I have a hard time answering “no.” Most electricity today is generated by coal-fired power plants, operated by monopoly, state-regulated utilities. Because they’ve been around so long, and because coal is cheap, these plants have built-in cost advantages that no new technology can overcome without help. The federal guarantees help lower the cost of capital for technologies like solar; they help spur innovation; and they help encourage private investment. These are all worthy goals.
To say “no” is also to cede the solar panel industry to China, which last year alone provided some $30 billon in subsidies for its solar industry. Over all, the American solar industry is a big success story; it now employs more people than either steel or coal, and it’s a net exporter.
But solar panel manufacturing — a potential source of middle-class jobs, and an important reason the White House was so high on Solyndra, which made its panels in Fremont, Calif. — is another story. Not so long ago, China made 6 percent of the world’s solar panels. Now it makes 54 percent, and leads the world in solar panel manufacturing. Needless to say, the U.S. share of the market has shrunk. The only way America can manufacture competitive solar panels is to come up with innovative technologies that the Chinese can’t replicate.
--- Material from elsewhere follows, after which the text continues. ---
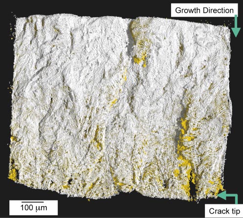 Tomography results have been used for both direct imaging of crack paths and 3D image analysis to extract the crack volume. Figure 91 shows 3D crack volumes extracted in the loaded and unloaded conditions, rendered and viewed perpendicular to the crack plane. The white layer represents the unloaded crack, superimposed over the same crack at maximum load in yellow. As representations of the crack volume in each case, discontinuities in the surfaces represent either unbroken ligaments in the crack wake, or regions of fracture surface contact. The regions appearing in yellow clarify areas in the crack wake that have gone from a closed to open condition on loading. Such results identify distributed, relatively small points of contact close to the crack tip (of the order of 10 µm across), and large contact areas (of the order of 100 µm) occurring to greater distances behind the crack tip. The larger contact areas and their apparent association with ridges running parallel to crack growth direction is consistent with previous reports, whilst the distribution of small contact points approaching the crack tip has not been seen previously. Quantitative assessment of contact areas has confirmed the progressive nature of closure processes during crack loading and unloading. This highlights the intrinsic simplification and deficiency involved in the widespread use of a single valued closure point to quantify crack driving forces.

Like, for instance, Solyndra’s.
At the hearing on Friday, several of the Republican congressmen boasted that, in passing the continuing resolution to keep the government running the day before, they had succeeded in slashing the program that had made the loan to Solyndra. It’s true: of the $4 billion that remained in the program, $1.5 billion was cut.
But the real winner isn’t the American taxpayer or even the House Republicans. It’s the Chinese solar industry.
The GOP is intent on playing politics and engaging in demagogy with the Solyndra failure, rather than learning how better to target investment to build the domestic solar industry and keep it competitive. At this stage of development, the government should be playing a constructive role and assist the growth of our green, solar energy sector like...uh...the Chinese government is doing for their own.
A New York Times article on the changing solar industry earlier this month noted that:
Really the reason that countries like China are able to sell product at lower cost is they have cheaper access to capital," because of government investments.
Incentives from the U.S. government might be hard to hold on to and gaining new ones all but impossible with the partisan battles in Congress over spending and "green jobs."